女優秋吉久美子(71)が9、10日に東京・南青山マンダラで上演される、セミョーノフ座の旗揚げ公演となる音楽劇「僕と君とピアフ 〜あなたはエディット・ピアフを知っていますか?〜」に出演する。舞台は現代のバー。バーテンダーをしながらミュージシャンとして生きる青年(聖児セミョーノフ=41)が1冊の本から、20世紀最大のシャンソン歌手でありフランスの国民的歌手だった、1963年(昭38)に47歳で死去したエディット・ピアフのことを知る。訪れた客たちとピアフの魂を感じ合い、話し合う一夜の物語。秋吉は客の1人を演じる。秋吉と、プロデュース、脚本も担当するセミョーノフに聞いた。【小谷野俊哉】


   ◇   ◇   ◇


秋吉にとって、2年前に上演された舞台「あなたはエディット・ピアフを知っていますか?」に次ぐ出演となる。

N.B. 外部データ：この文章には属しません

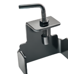
BLADE REMOVAL TOOL 6011-X1-0757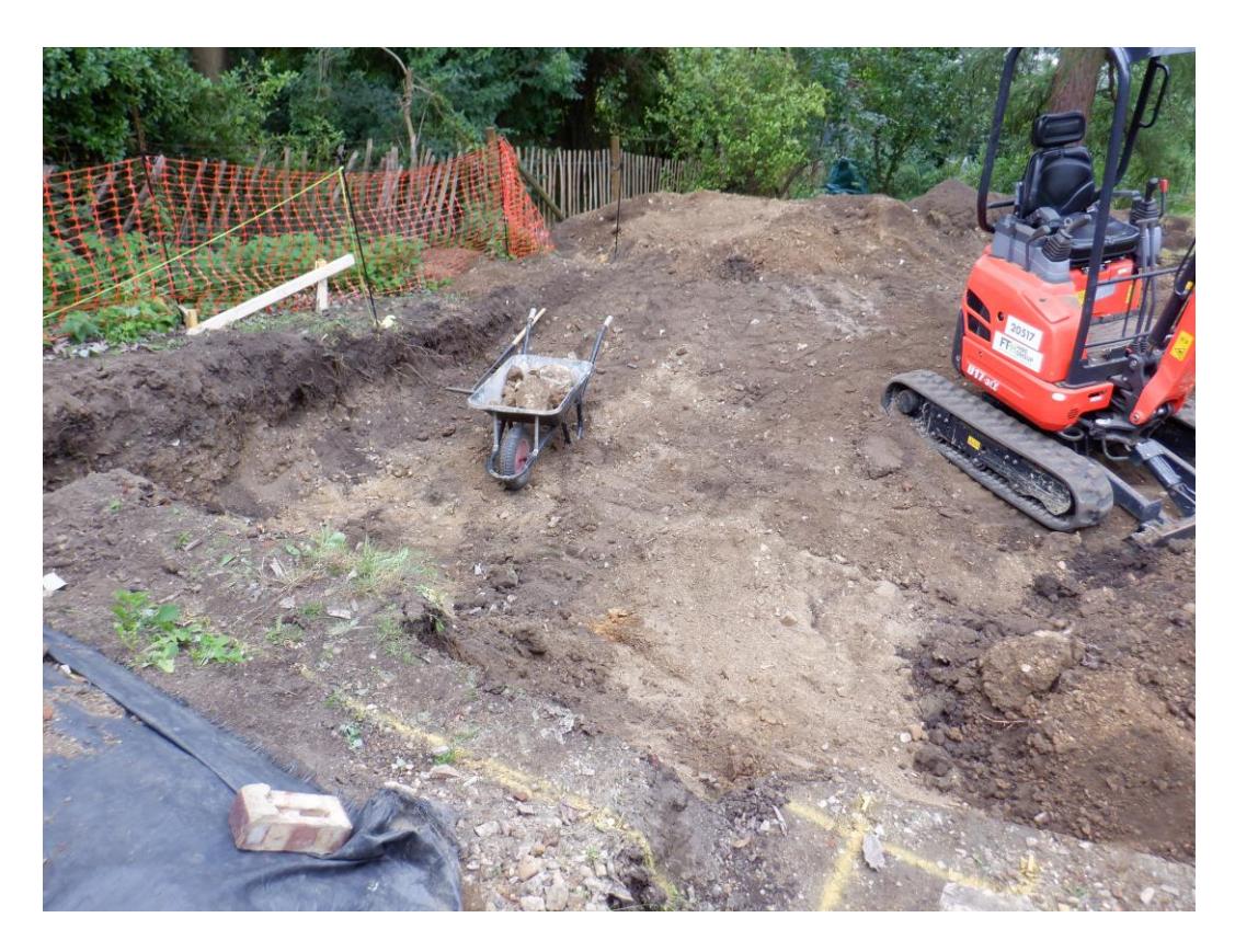
Plate 3. View of site reduction (looking SE)

秋吉「2年前までは、歌いに対するトラウマがあったんです。でも、やっと私も最近大人になりました(笑い)。それまではミュージカルは、ずっと封印していて、そういうのはカラオケも行かないっていう感じでした。ただ、2年前にセミョーノフさんから『ちょっと歌ってくれませんか』ってオファーがあったんです。指導してくれるんだったら1曲ぐらいなら歌いますよって引き受けたんです。非常に素晴らしいご指導をいただいて『秋吉さん、歌う時に目つぶってます。それだと、器官が閉じてしまう。歌う時には目を開いて歌ってください』って。まあそれが、本当かどうか分かりませんよ。でも、なんか自分の中でこれだっていう感じがしたんです」


1972年(昭47)、18歳、高校3年の時に映画「旅の重さ」で女優デビュー。74年に映画「あかちょうちん」「妹」「バージンブルース」に出演して、その存在感と言動で“シラケ世代”の寵児(ちょうじ)となる。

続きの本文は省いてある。